URNG. Up to 13 of Guatemala's 22 departments are affected to some degree by the URNG's organizations and activities. The revolutionary movement infiltrates in and out of Mexico through the indigenous highlands, reactivating the small nuclei of people who survived the repeated waves of massive repression. One corridor of activity extends from the Mexican border, down through San Marcos toward the Boca Coast, and down through the indigenous highlands from the departments of Huehuetenango and Quiché toward Chimaltenango. Another comes in through El Petén.

All this movement represents an attempt to penetrate toward the capital.

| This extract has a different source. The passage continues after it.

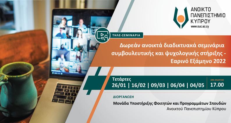 Σε συνέχεια της μεγάλης ανταπόκρισης που είχε ο δωρεάν κύκλος ανοικτών διαδικτυακών σεμιναρίων, τον οποίο εγκαινίασε το 2021 η Μονάδα Υποστήριξης Φοιτητών και Προγραμμάτων Σπουδών του Ανοικτού Πανεπιστημίου Κύπρου (ΑΠΚΥ), με στόχο την καλύτερη δυνατή εξατομικευμένη φοιτητική εμπειρία, διοργανώνεται νέος κύκλος σεμιναρίων το τρέχον Εαρινό Εξάμηνο 2022.
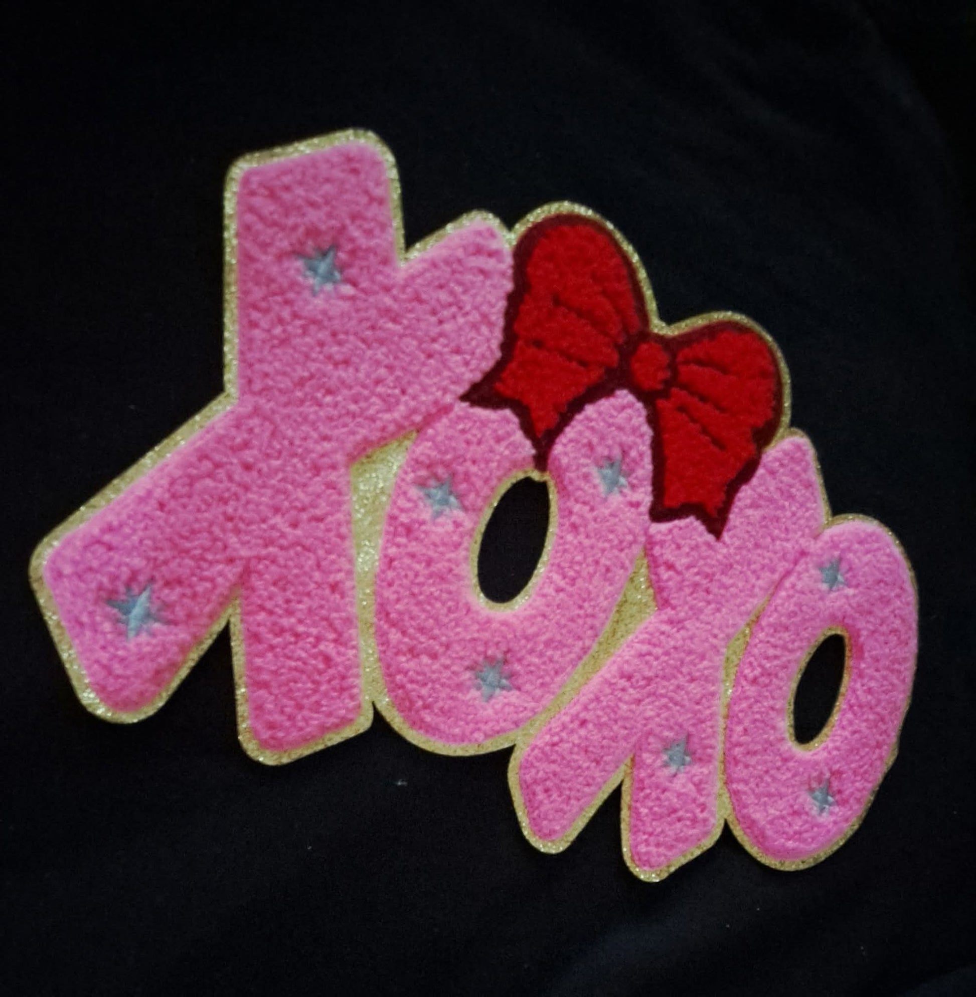 XOXO chenille patch pink with red bow backed in gold glitter

The URNG increased its military operations from 570 in 1986 to 1,865 in 1989. It says it caused 663 army casualties in 1986 and 2,506 in 1989. Independent observations of the number of wounded arriving at Guatemala City’s military hospital, and the plans to build another, give credibility to these figures.

Comparing the URNG’s 1989 figure for army casualties with the average 7,000 the Salvadoran FMLN claimed annually between 1987 and 1989 gives an idea of the challenge the URNG currently poses to the Guatemalan government and military. In the last year, armed actions on the Panamerican Highway, which crosses the indigenous highlands in Chimaltenango (less than 50 kilometers from Guatemala City) and on the South Coast (in places 30 kilometers from the capital) have made it impossible for the army to maintain the image of a guerrilla movement in its death throes.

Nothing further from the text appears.